Could you output each line below exactly as it appears, excluding any pictures?

Information supplied

--- START ---

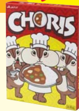
ちょリスオリジナルパッケージ カレー職人(江崎グリコ)
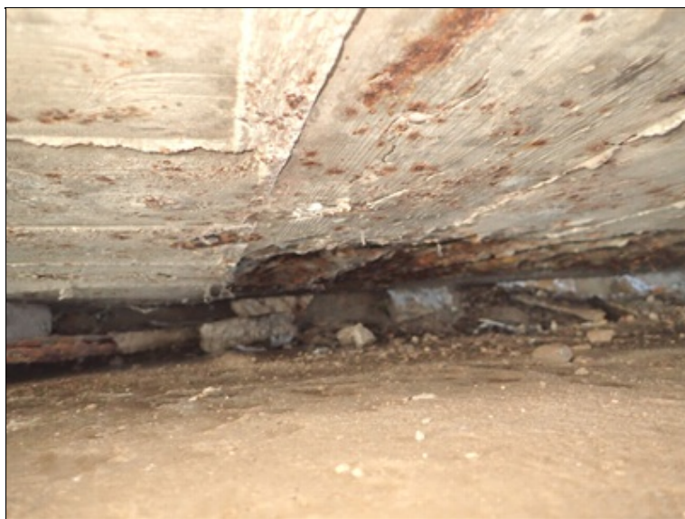
Opěra O1, pohled do mezery mezi úložným prahem a koncovým příčnickem.
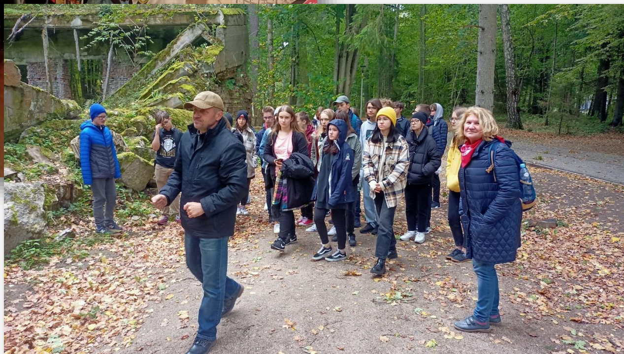
Wizyta w „Wilczym Szańcu”
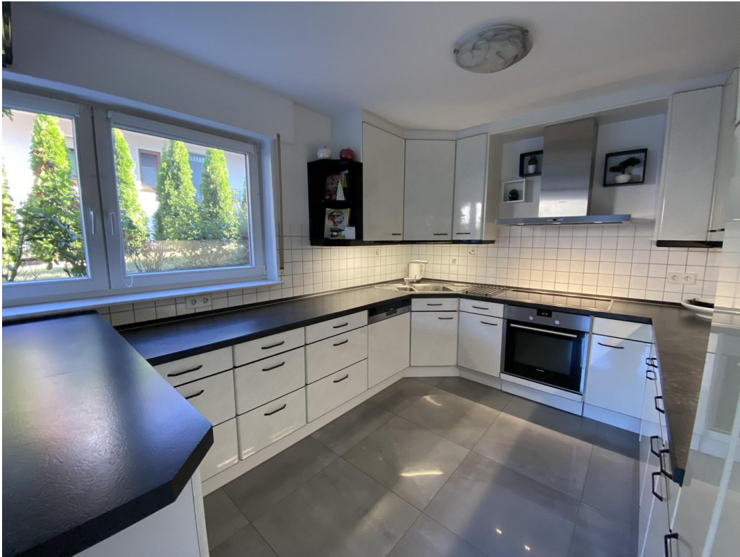
Offene Küche mit Theke

--- END ---

Task response
ちょリスオリジナルパッケージ カレー職人(江崎グリコ)
Opěra O1, pohled do mezery mezi úložným prahem a koncovým příčnickem.
Wizyta w „Wilczym Szańcu”
Offene Küche mit Theke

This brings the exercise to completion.